* [WORK INSTRUCTIONS]:
Exact reproduction, images excluded: write out the records below.

* [Records from a data collection]:
######

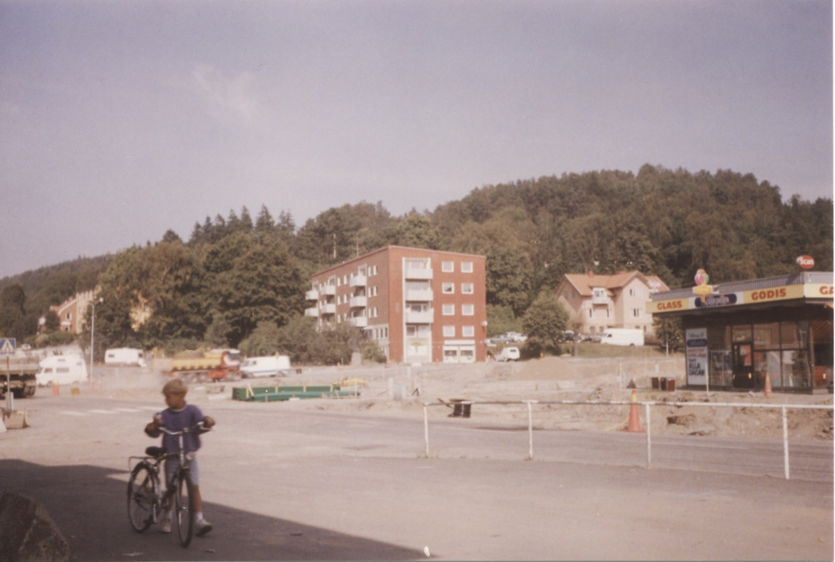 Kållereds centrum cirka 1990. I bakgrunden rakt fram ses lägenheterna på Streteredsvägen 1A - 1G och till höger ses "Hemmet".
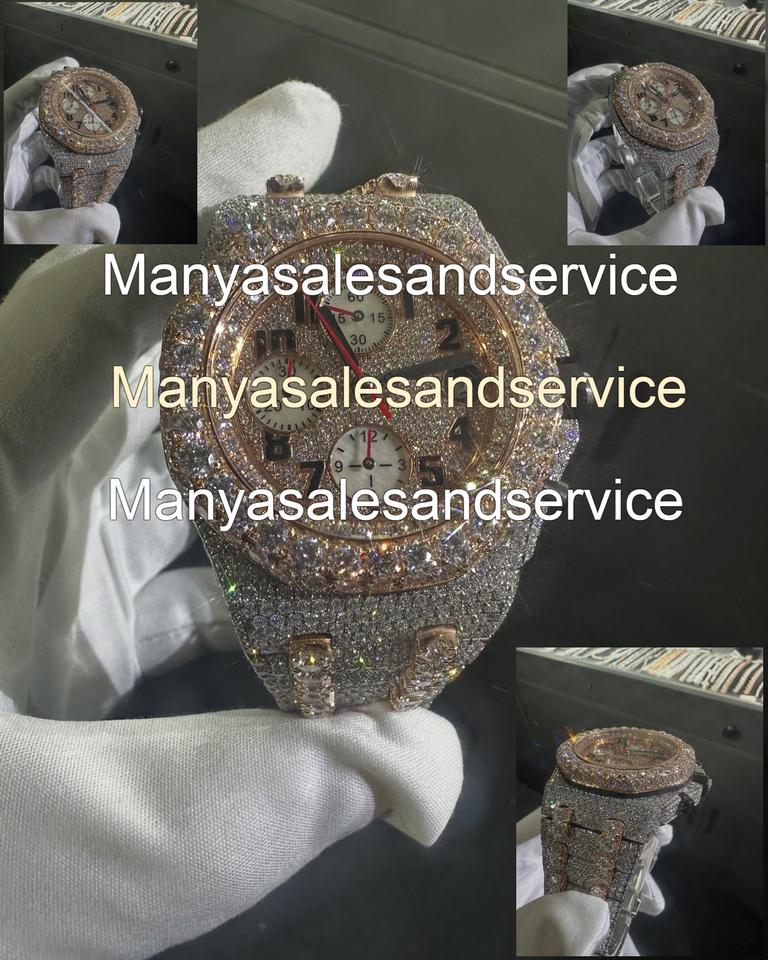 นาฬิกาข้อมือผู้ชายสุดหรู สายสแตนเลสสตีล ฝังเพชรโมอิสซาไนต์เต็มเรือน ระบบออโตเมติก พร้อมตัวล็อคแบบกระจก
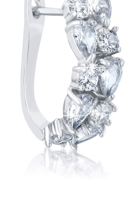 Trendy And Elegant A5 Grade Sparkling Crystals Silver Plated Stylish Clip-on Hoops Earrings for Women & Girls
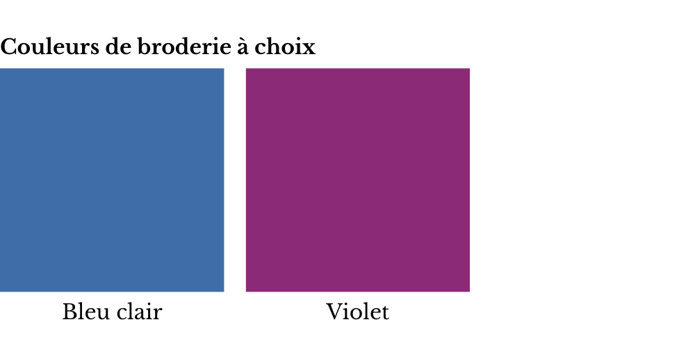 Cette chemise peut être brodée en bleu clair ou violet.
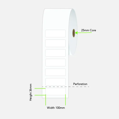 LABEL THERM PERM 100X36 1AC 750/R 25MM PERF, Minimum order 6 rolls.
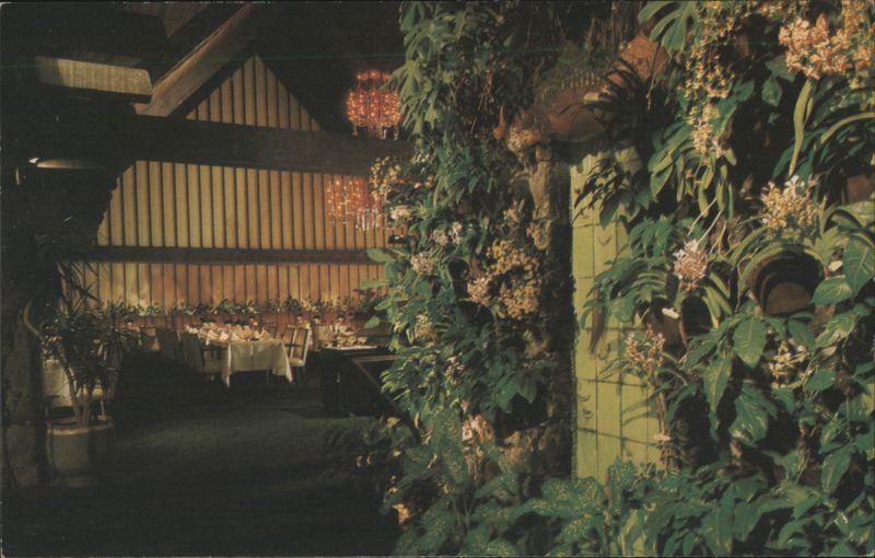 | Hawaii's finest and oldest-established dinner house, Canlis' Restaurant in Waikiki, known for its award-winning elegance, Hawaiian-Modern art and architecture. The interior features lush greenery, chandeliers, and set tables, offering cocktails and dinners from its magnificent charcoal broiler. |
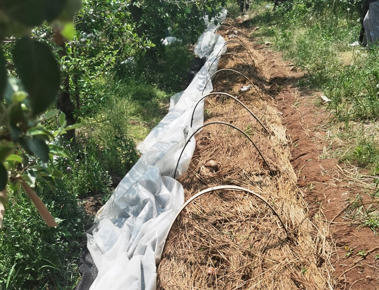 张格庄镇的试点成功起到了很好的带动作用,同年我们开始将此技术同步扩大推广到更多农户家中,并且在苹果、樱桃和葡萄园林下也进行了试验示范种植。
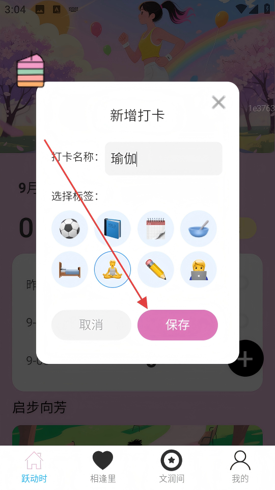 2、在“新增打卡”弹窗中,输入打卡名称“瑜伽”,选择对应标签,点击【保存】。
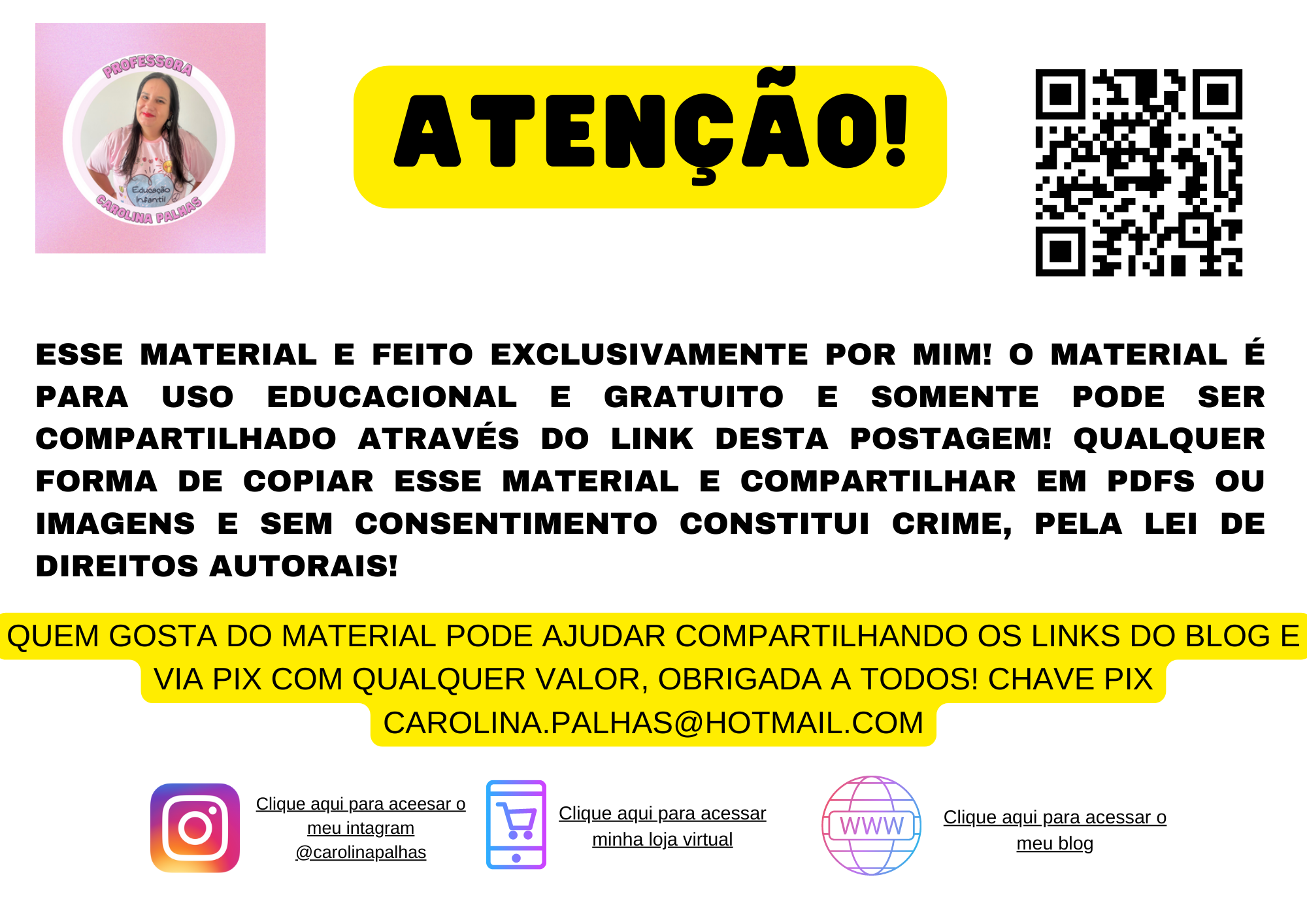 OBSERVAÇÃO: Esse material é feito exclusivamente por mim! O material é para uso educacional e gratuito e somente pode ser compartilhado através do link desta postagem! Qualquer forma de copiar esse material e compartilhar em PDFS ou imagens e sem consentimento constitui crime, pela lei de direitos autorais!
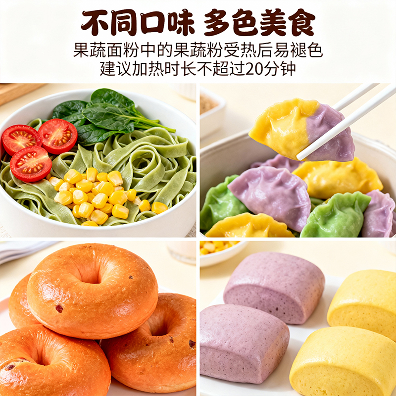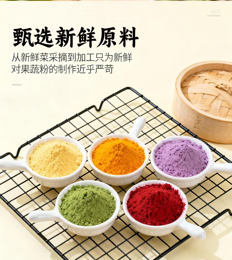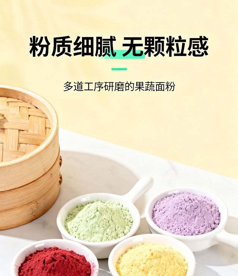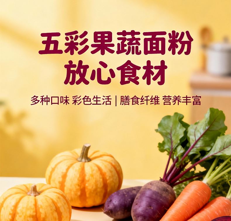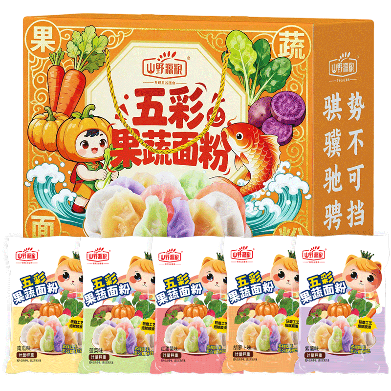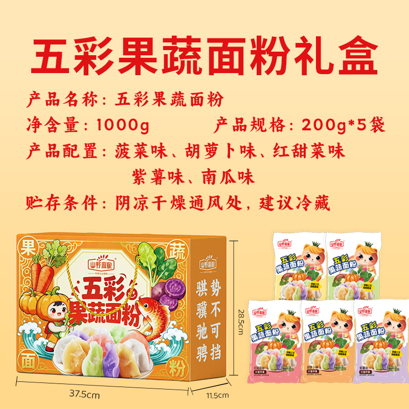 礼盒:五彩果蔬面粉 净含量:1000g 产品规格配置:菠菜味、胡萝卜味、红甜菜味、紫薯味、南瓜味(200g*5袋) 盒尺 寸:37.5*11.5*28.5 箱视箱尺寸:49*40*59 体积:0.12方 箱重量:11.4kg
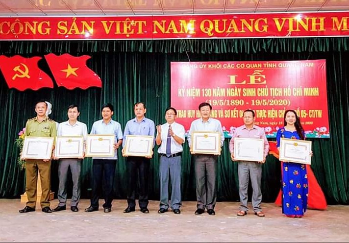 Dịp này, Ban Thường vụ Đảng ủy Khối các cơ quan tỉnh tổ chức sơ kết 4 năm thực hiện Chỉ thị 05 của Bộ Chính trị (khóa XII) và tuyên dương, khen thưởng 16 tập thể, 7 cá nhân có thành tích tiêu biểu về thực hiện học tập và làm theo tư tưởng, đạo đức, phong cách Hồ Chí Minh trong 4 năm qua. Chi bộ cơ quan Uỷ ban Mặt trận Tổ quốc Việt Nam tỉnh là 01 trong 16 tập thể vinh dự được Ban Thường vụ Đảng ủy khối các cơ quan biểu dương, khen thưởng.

######

* [ANSWER TO THIS EXERCISE]:
 Kållereds centrum cirka 1990. I bakgrunden rakt fram ses lägenheterna på Streteredsvägen 1A - 1G och till höger ses "Hemmet".
 นาฬิกาข้อมือผู้ชายสุดหรู สายสแตนเลสสตีล ฝังเพชรโมอิสซาไนต์เต็มเรือน ระบบออโตเมติก พร้อมตัวล็อคแบบกระจก
 Trendy And Elegant A5 Grade Sparkling Crystals Silver Plated Stylish Clip-on Hoops Earrings for Women & Girls
 Cette chemise peut être brodée en bleu clair ou violet.
 LABEL THERM PERM 100X36 1AC 750/R 25MM PERF, Minimum order 6 rolls.
 | Hawaii's finest and oldest-established dinner house, Canlis' Restaurant in Waikiki, known for its award-winning elegance, Hawaiian-Modern art and architecture. The interior features lush greenery, chandeliers, and set tables, offering cocktails and dinners from its magnificent charcoal broiler. |
 张格庄镇的试点成功起到了很好的带动作用,同年我们开始将此技术同步扩大推广到更多农户家中,并且在苹果、樱桃和葡萄园林下也进行了试验示范种植。
 2、在“新增打卡”弹窗中,输入打卡名称“瑜伽”,选择对应标签,点击【保存】。
 OBSERVAÇÃO: Esse material é feito exclusivamente por mim! O material é para uso educacional e gratuito e somente pode ser compartilhado através do link desta postagem! Qualquer forma de copiar esse material e compartilhar em PDFS ou imagens e sem consentimento constitui crime, pela lei de direitos autorais!
 礼盒:五彩果蔬面粉 净含量:1000g 产品规格配置:菠菜味、胡萝卜味、红甜菜味、紫薯味、南瓜味(200g*5袋) 盒尺 寸:37.5*11.5*28.5 箱视箱尺寸:49*40*59 体积:0.12方 箱重量:11.4kg
 Dịp này, Ban Thường vụ Đảng ủy Khối các cơ quan tỉnh tổ chức sơ kết 4 năm thực hiện Chỉ thị 05 của Bộ Chính trị (khóa XII) và tuyên dương, khen thưởng 16 tập thể, 7 cá nhân có thành tích tiêu biểu về thực hiện học tập và làm theo tư tưởng, đạo đức, phong cách Hồ Chí Minh trong 4 năm qua. Chi bộ cơ quan Uỷ ban Mặt trận Tổ quốc Việt Nam tỉnh là 01 trong 16 tập thể vinh dự được Ban Thường vụ Đảng ủy khối các cơ quan biểu dương, khen thưởng.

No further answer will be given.